The recipe is to compute the capacity bound, and depending on the code blocklength, add a dB or a few, to the required SNR. That gives the link performance prediction. The coding literature is full of empirical results, showing how far from capacity a code of a given block length is for the AWGN channel, and this gap is usually not extremely different for other channel models – although, one should always check this.

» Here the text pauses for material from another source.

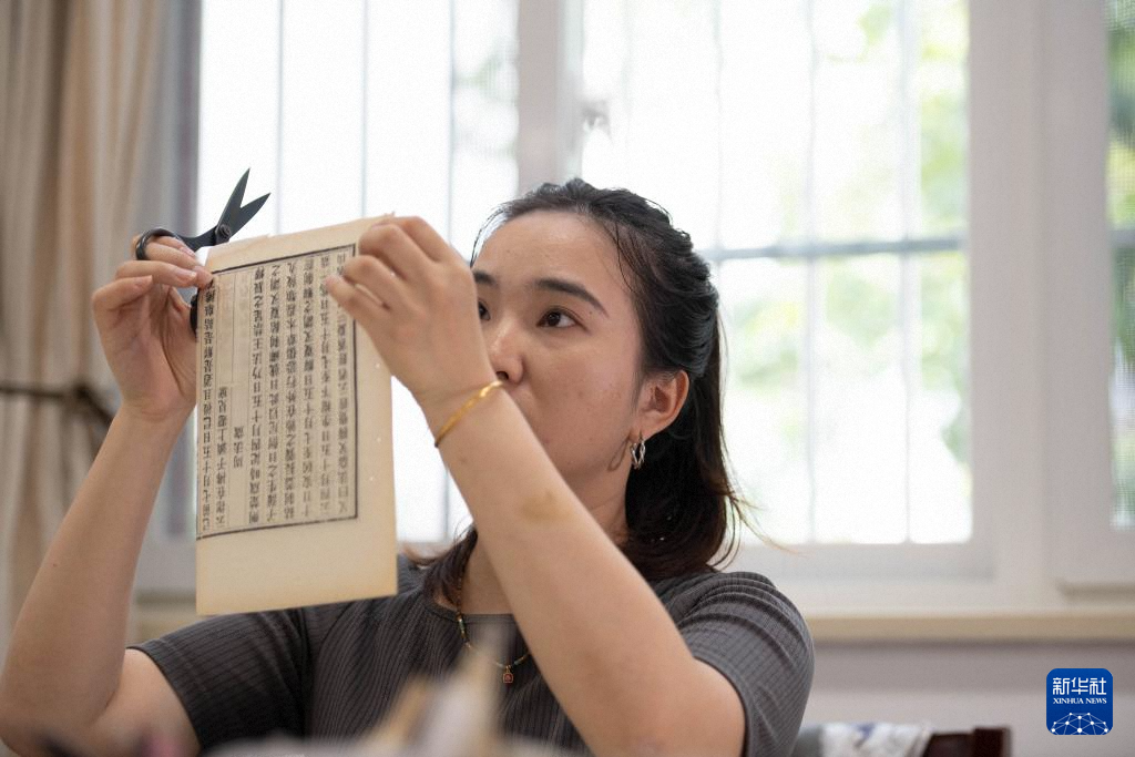 6月4日,在安徽省图书馆内,古籍修复师耿宁在修剪书叶。新华社记者 张端 摄

But there are three main caveats with this:

- First, the capacity bound, or the “SINR” that it often contains, must be information-theoretically correct. A great deal of papers get this wrong. Emil explained in his blog post last week some common errors. The recommended approach is to map the channel onto one of the canonical cases in Figure 2.9 in Fundamentals of Massive MIMO, verify that the technical conditions are satisfied, and use the corresponding formula.
- When computing expressions of the type E[log(1+”SINR”)], then the average should be taken over all quantities that are random within the duration of a codeword. Typically, this means averaging over the randomness incurred by the noise, channel estimation errors, and in many cases the small-scale fading. All other parameters must be kept fixed. Typically, user positions, path losses, shadow fading, scheduling and pilot assignments, are fixed, so the expectation is conditional on those. (Yet, the interference statistics may vary substantially, if other users are dropping in and out of the system.) This in turn means that many “drops” have to be generated, where these parameters are drawn at random, and then CDF curves with respect to that second level of randomness needs be computed (numerically).Think of the expectation E[log(1+”SINR”)] as a “link simulation”. Every codeword sees many independent noise realizations, and typically small-scale fading realizations, but the same realization of the user positions. Also, often, neat (and tight) closed-form bounds on E[log(1+”SINR”)] are available.
- Care is advised when working with relatively short blocks (less than a few hundred bits) and at rates close to the constrained capacity with the foreseen modulation format. In this case, many of the “standard” capacity bounds become overoptimistic.As a rule of thumb, compare the capacity of an AWGN channel with the constrained capacity of the chosen modulation at the spectral efficiency of interest, and if the gap is small, the capacity bounds will be useful. If not, then reconsider the choice of modulation format! (See also homework problem 1.4.)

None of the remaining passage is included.